▶ **Task directions**: Reproduce only this stretch of the listing below: from the line with "ドレープ+レース セットカーテン 2倍ヒダ" through the line with "CASE OF 16 HOME-X", exactly as written, with pictures excluded.

▶ **Data listing**:
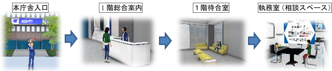 実際の区役所に来庁した場合と同様の「体験」を提供するため、“臨場感とライブ感を重視”し、実際の区役所を模して、区役所と同じ空間の構築を目指している。
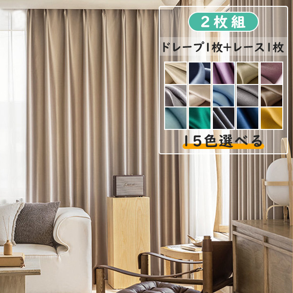【2枚組】遮光 カーテン 全9色 おしゃれ 1級遮光 UVカット 断熱保温 シンプル 無地 高級感 ドレープ+レース セットカーテン 2倍ヒダ
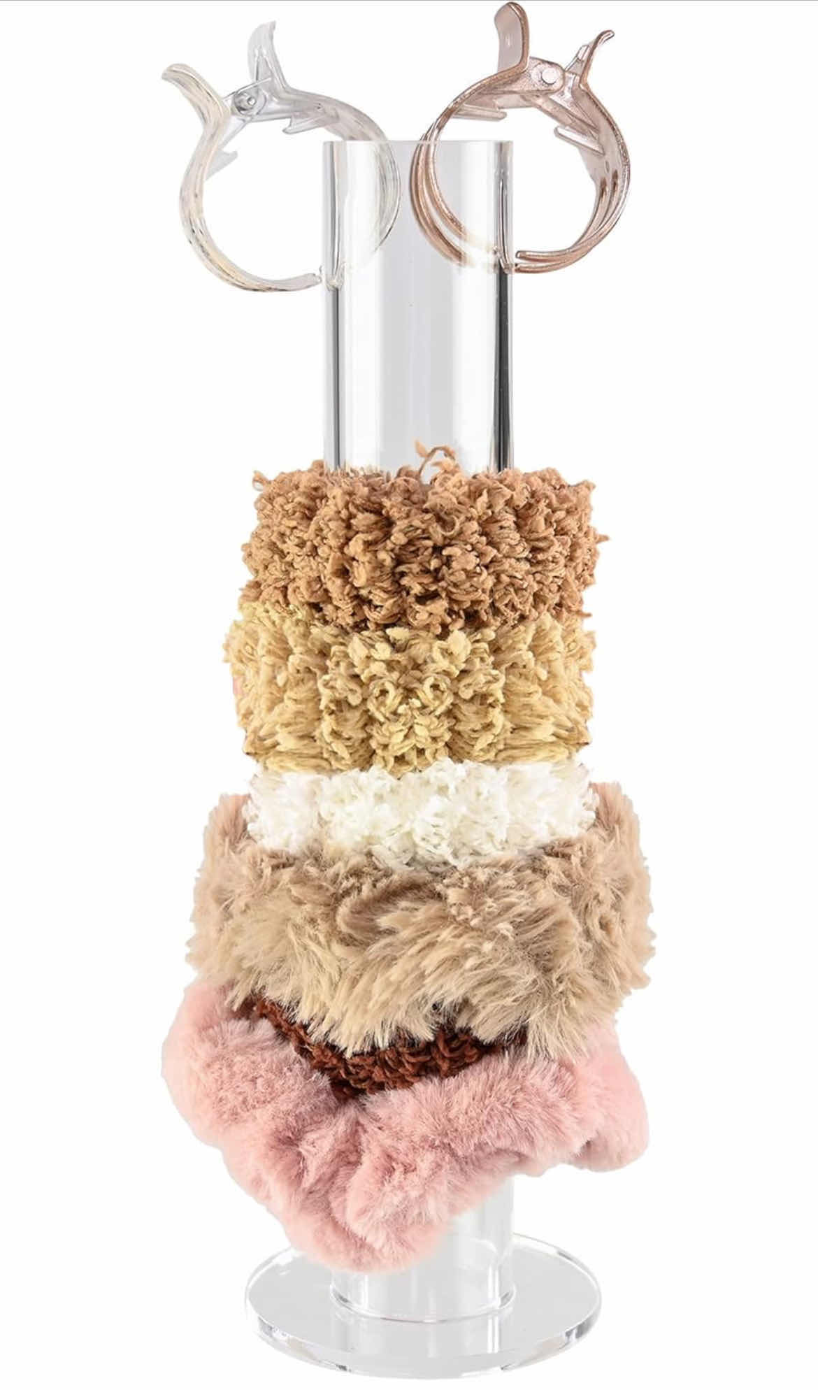 CASE OF 16 HOME-X ACRYLIC HAIR-TIE ORGANIZER, STYLISH CLEAR PLASTIC STAND FOR HOLDING PONYTAIL HOLDERS, BRACELETS, HAIR CLIPS, AND OTHER ACCESSORIES, 9 ¾” L X 3" D, CLEAR
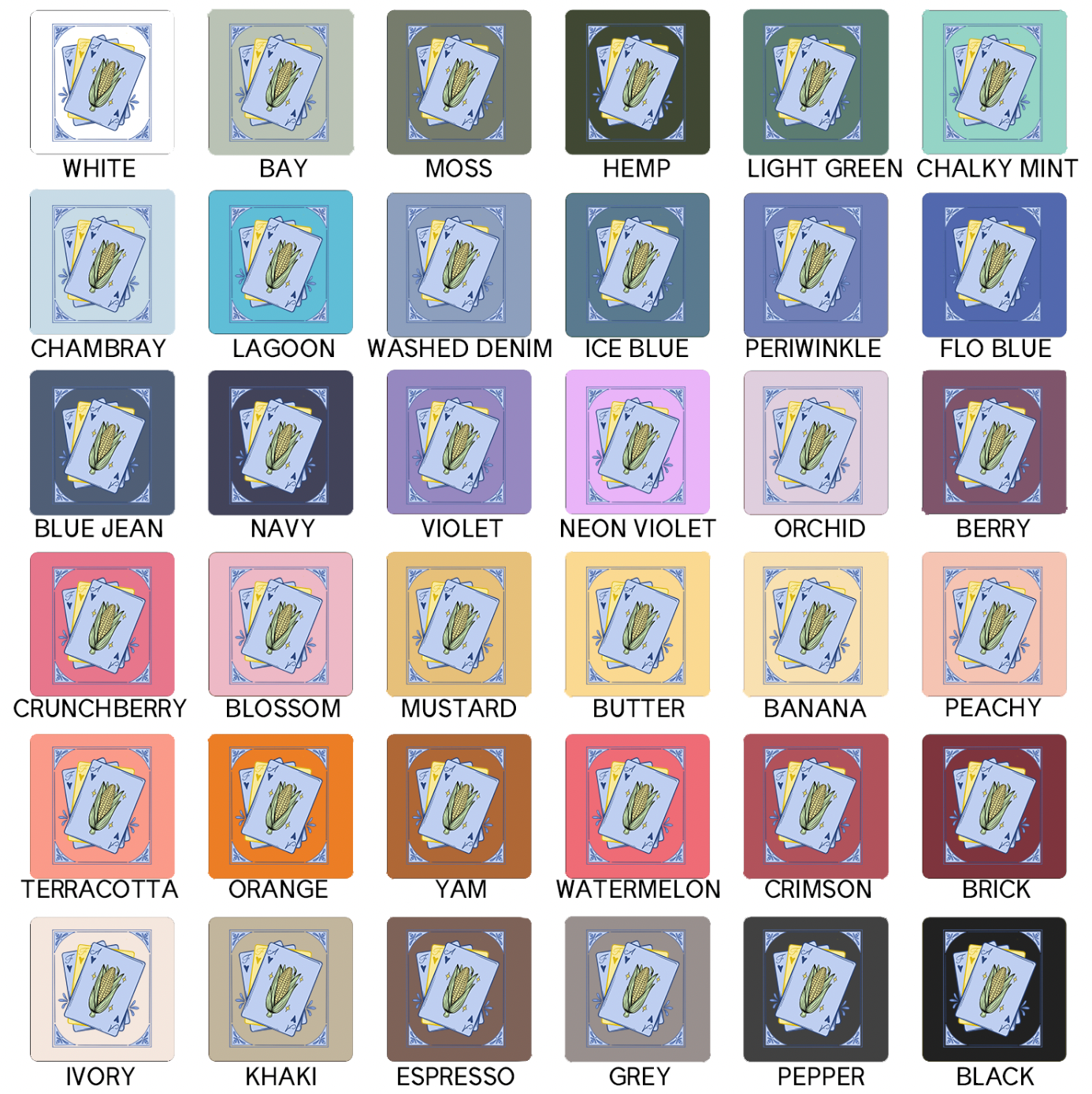 Black ink will not show on black garments; ink colors appear exactly as shown and cannot be customized, and colors may vary slightly from screen to screen as these are mockups of the final product.
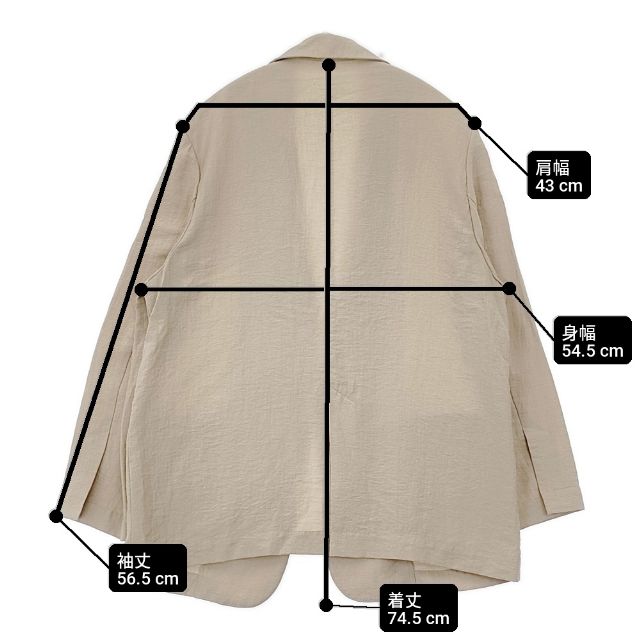 | 実寸サイズ | 肩幅:約43cm 着丈:約74.5cm 身幅:約54.5cm 袖丈:約56.5cm ※採寸画像がある商品はハンガーに吊るした状態での計測のため、平置きでの採寸とは差が生じる場合がございます。平置きでの実寸サイズをご希望の場合は、ご購入前に必ずご質問ください。 ※記載以外のサイズが合わないことを理由とした返品はできませんので、 記載部分以外で実寸サイズの気になる箇所があれば必ず購入前にご質問ください。 |
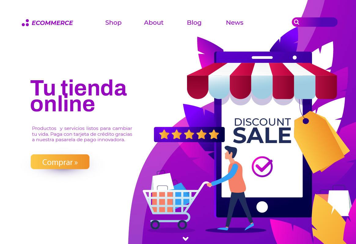 Una tienda en línea que vende productos físicos o servicios 24/7. Incluye integración con pasarela de pago para cobrar por tarjeta de crédito y otros métodos.
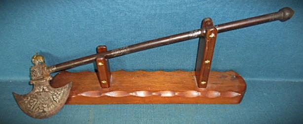 It's a Persian Tabar battleaxe, 22" overall, with the axe head decorated with silver inlay of a flower on one side and an elephant on the other
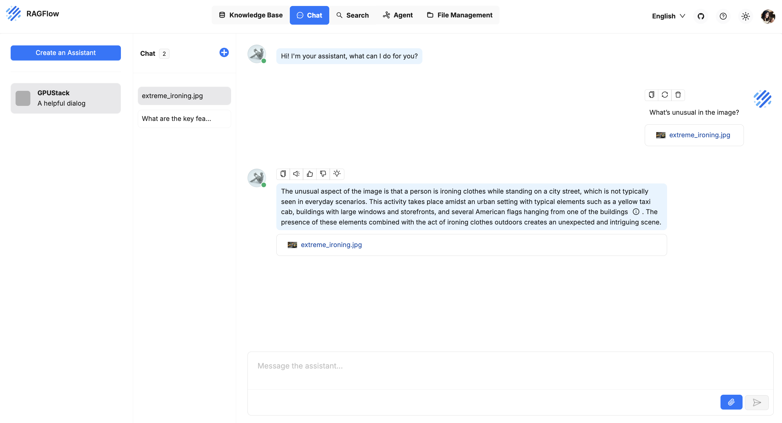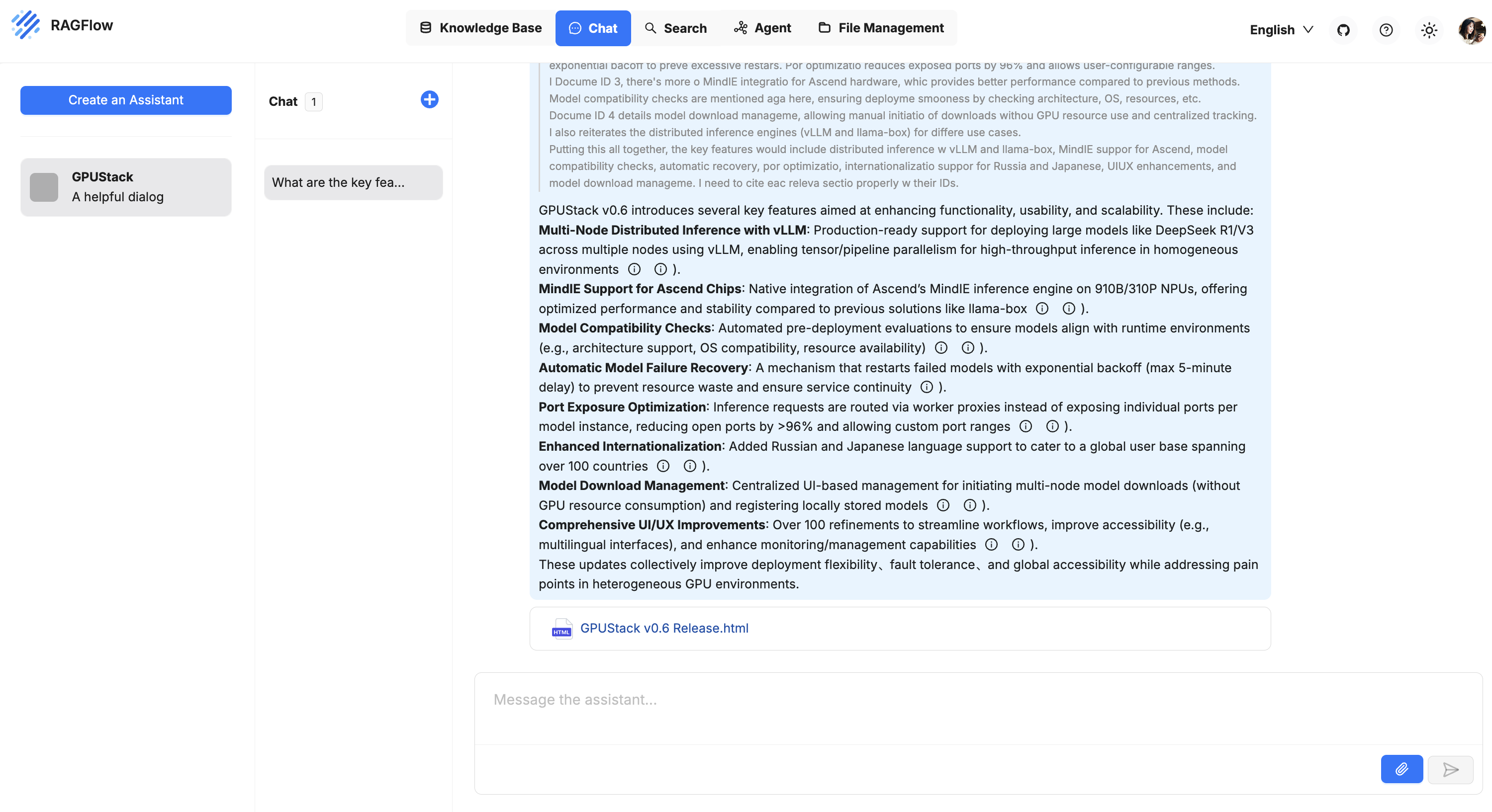 RAGFlow can integrate with GPUStack to leverage locally deployed LLMs, embeddings, reranking, Speech-to-Text and Text-to-Speech capabilities.
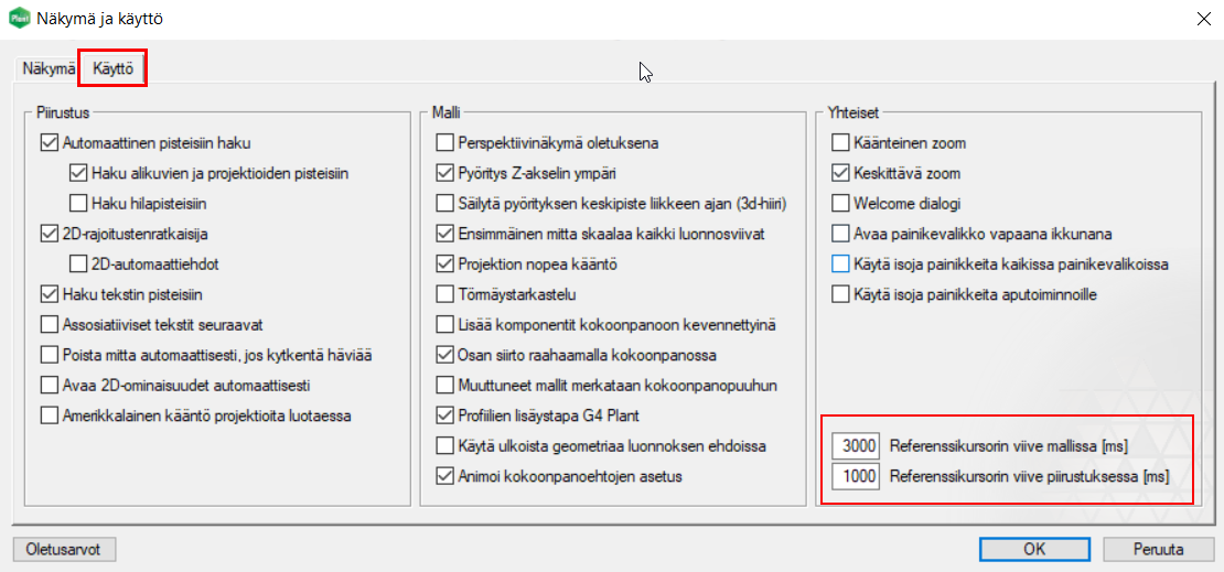 - Referenssikursorin viive piirustuksessa [ms] = 1000 (käytössä piirustuksissa ja mallien 2D/3D-luonnoksissa)
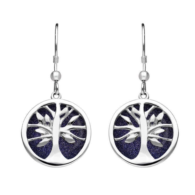 • Sterling Silver Blue Goldstone Round Tree of Life Drop Earrings - E2485 (TOL-191)

▶ **Result of this exercise**:
【2枚組】遮光 カーテン 全9色 おしゃれ 1級遮光 UVカット 断熱保温 シンプル 無地 高級感 ドレープ+レース セットカーテン 2倍ヒダ
 CASE OF 16 HOME-X ACRYLIC HAIR-TIE ORGANIZER, STYLISH CLEAR PLASTIC STAND FOR HOLDING PONYTAIL HOLDERS, BRACELETS, HAIR CLIPS, AND OTHER ACCESSORIES, 9 ¾” L X 3" D, CLEAR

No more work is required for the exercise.